* DIRECTIONS FOR THIS TASK
Go to the line with "今年,世界卫生组织将全球消除" in the entries below and write out every line from there through the line with "Банка для напитков, 380", exactly and without pictures.

* PROVIDED INFORMATION

:::::

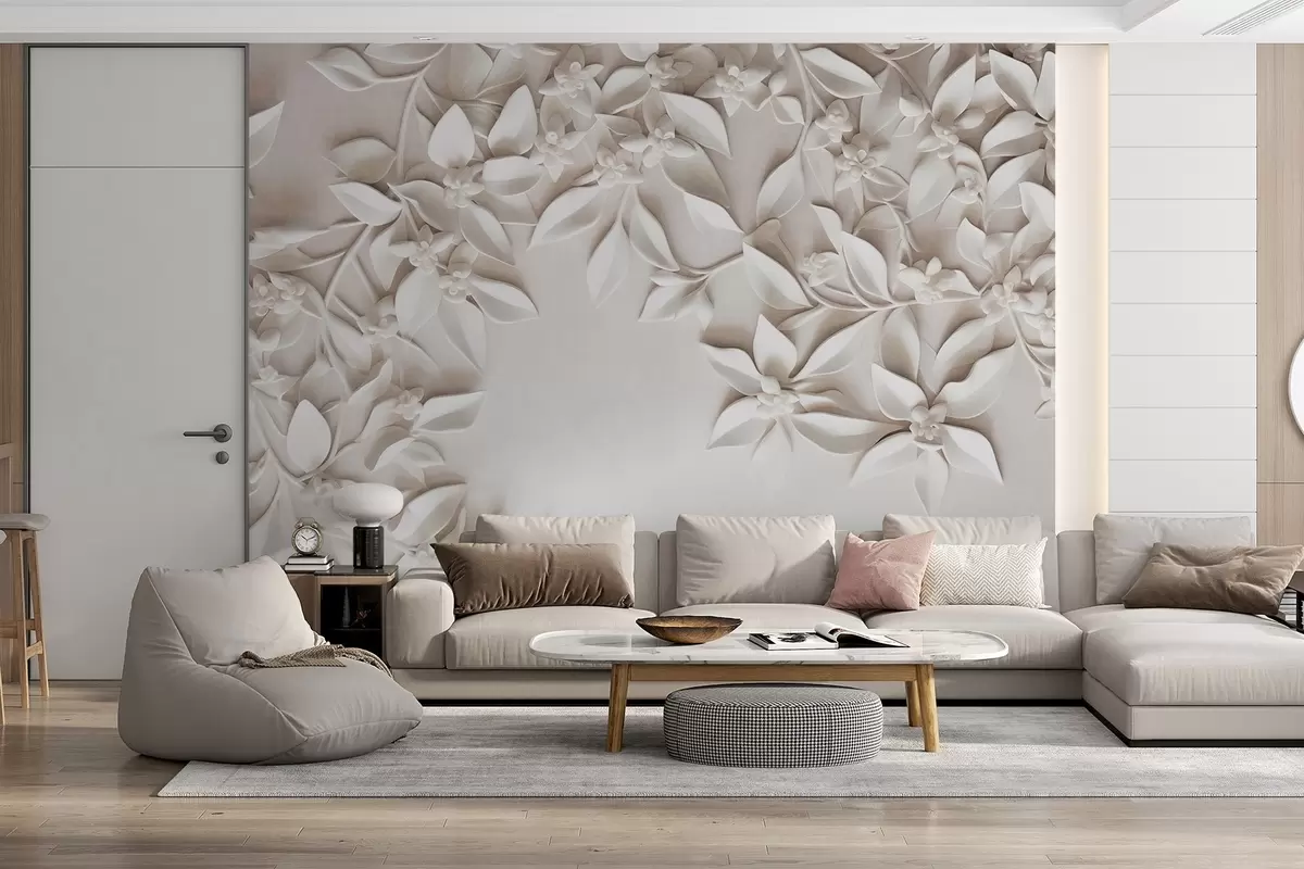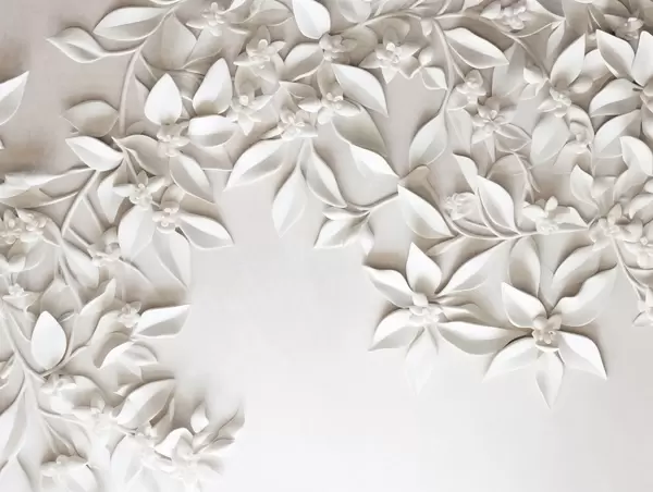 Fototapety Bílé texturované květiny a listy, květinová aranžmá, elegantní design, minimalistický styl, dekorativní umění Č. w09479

:::::

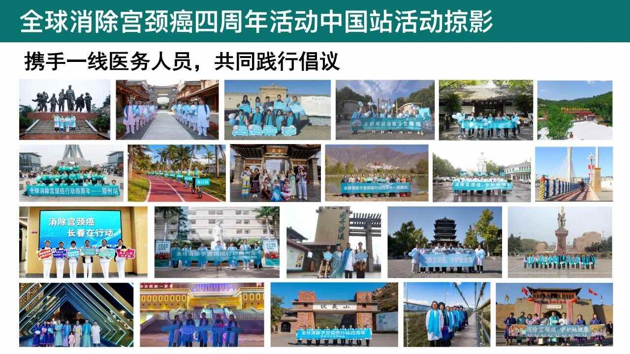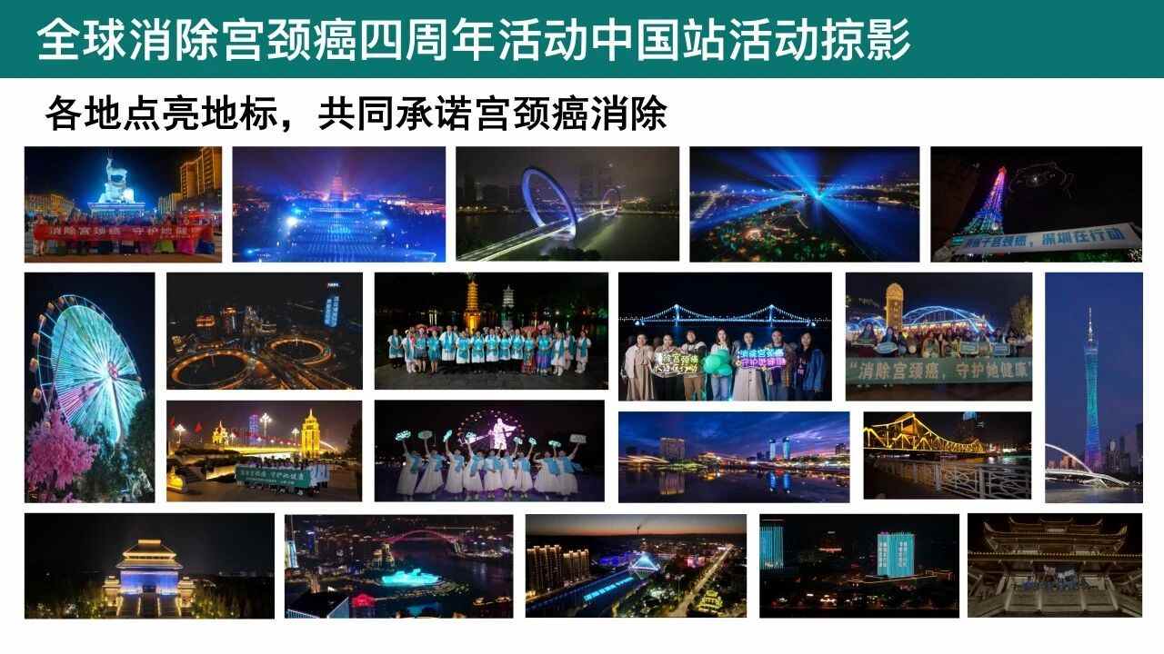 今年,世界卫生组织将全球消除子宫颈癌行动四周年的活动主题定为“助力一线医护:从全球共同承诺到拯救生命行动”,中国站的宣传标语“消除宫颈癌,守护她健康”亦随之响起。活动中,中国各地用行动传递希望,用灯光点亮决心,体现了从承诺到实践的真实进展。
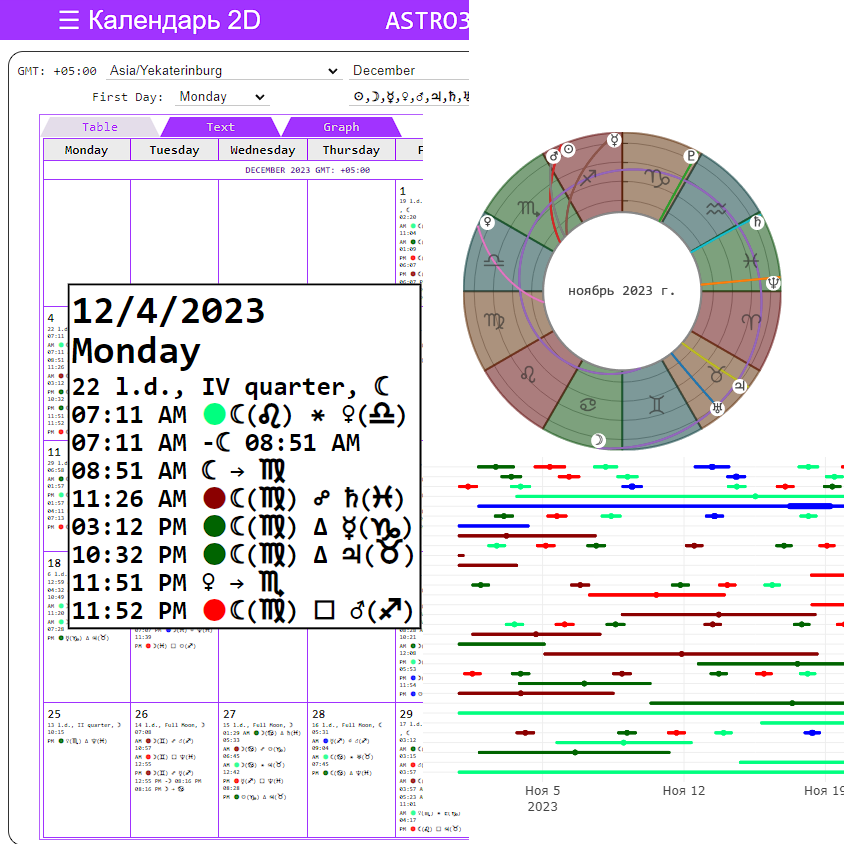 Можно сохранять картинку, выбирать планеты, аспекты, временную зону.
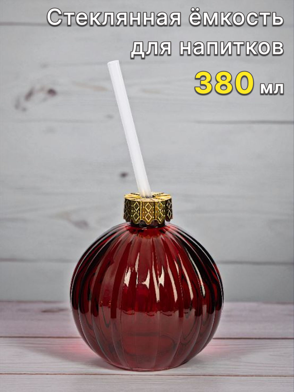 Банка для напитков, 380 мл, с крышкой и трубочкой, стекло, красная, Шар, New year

:::::

* WRITTEN SOLUTION
 今年,世界卫生组织将全球消除子宫颈癌行动四周年的活动主题定为“助力一线医护:从全球共同承诺到拯救生命行动”,中国站的宣传标语“消除宫颈癌,守护她健康”亦随之响起。活动中,中国各地用行动传递希望,用灯光点亮决心,体现了从承诺到实践的真实进展。
 Можно сохранять картинку, выбирать планеты, аспекты, временную зону.
 Банка для напитков, 380 мл, с крышкой и трубочкой, стекло, красная, Шар, New year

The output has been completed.